Well-maintained equipment will pay dividends for years. But is maintenance enough?

Electrical equipment has the same need for air and cooling as human beings. Without a proper air supply, machines will flounder and fail.  You have to protect equipment from heat damage, or they’ll die. But these expensive casualties don’t have to occur. 

Pull out the manual for any equipment in your plant, and you’ll probably see a bolded notation stating its proper operating temperature range.  Keeping equipment operating within this range makes sure those machines remain an efficient and reliable part of your operation, and avoids the cost associated with failures like unexpected shutdown, deteriorated performance, and shortened equipment life, not to mention the need to replace damaged equipment.

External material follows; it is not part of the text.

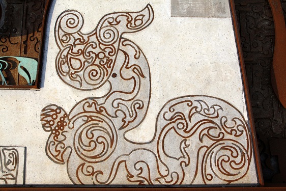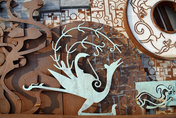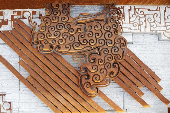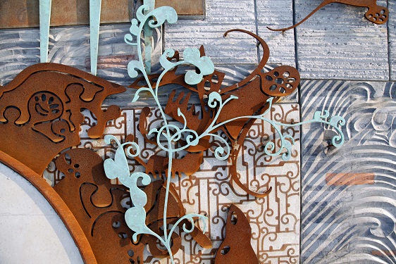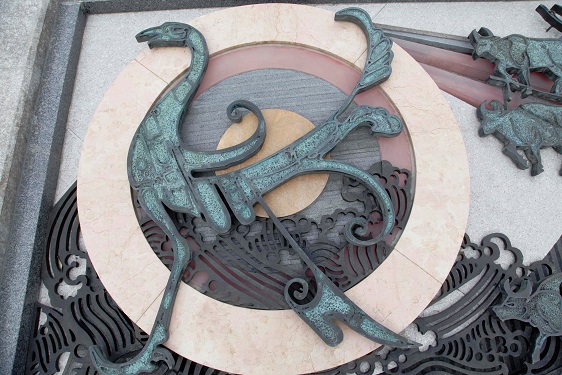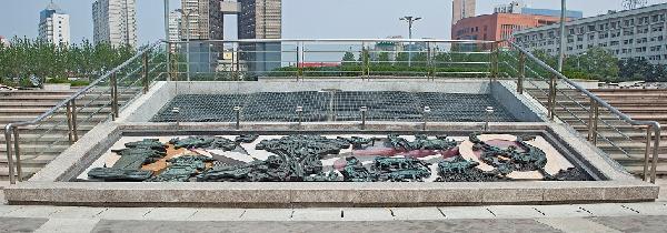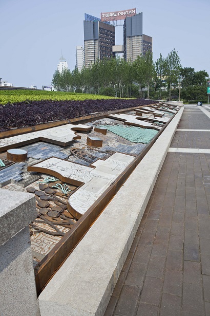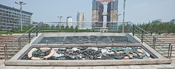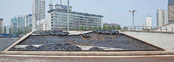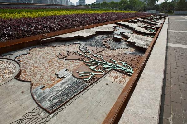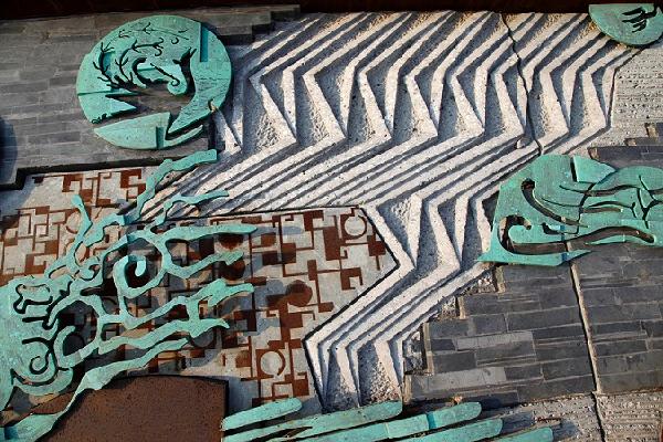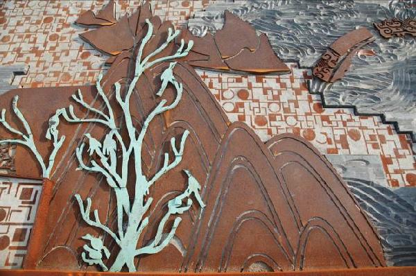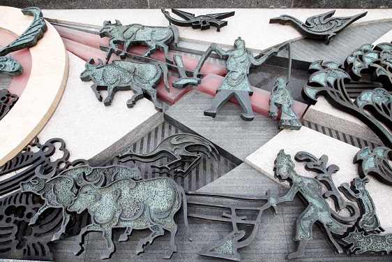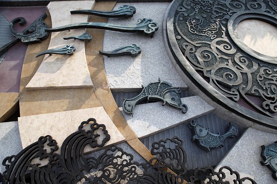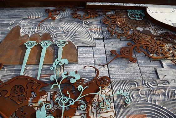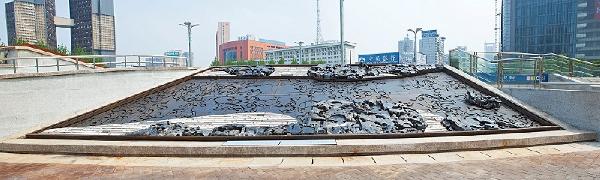 《楚史》分为“创始篇”、“政治篇”、“军事篇”、“文化篇”四幅作品,容纳了十则经典楚事,从四个方面展现楚国在中华历史长河中书写的精彩华章。艺术家通过选取楚文化中具有象征意义或经典造型的系列符号、图案,通过解构重组、类比链接、阴阳互衬、阵列生发等现代艺术形式、语言,运用混凝土、青砖、耐候钢、铜和水琉璃这些材料,进行叙事性与抒情性兼备的创作,既保持了楚文化的古朴风貌,又体现了现代语境下楚文化传承与创新。

Sustaining proper operating temperature is especially important in CNC machines where machine precision can be affected by thermal errors.  Machines running outside their proper operating range have significantly more errors than those running within range.

Is basic maintenance enough? 

Basic maintenance is a good first step for protecting equipment. The primary source for damaging heat comes from within the equipment’s own enclosure. As temperatures increase, lifespan decreases: a 10C change can cut a machine’s lifespan in half.   While new, clean equipment can easily maintain proper operating temperature, internal temperatures will increase as particulate matter like dust, debris, pollutants, or dispersed oil sit on the surface like a thermal blanket and create a topical barrier.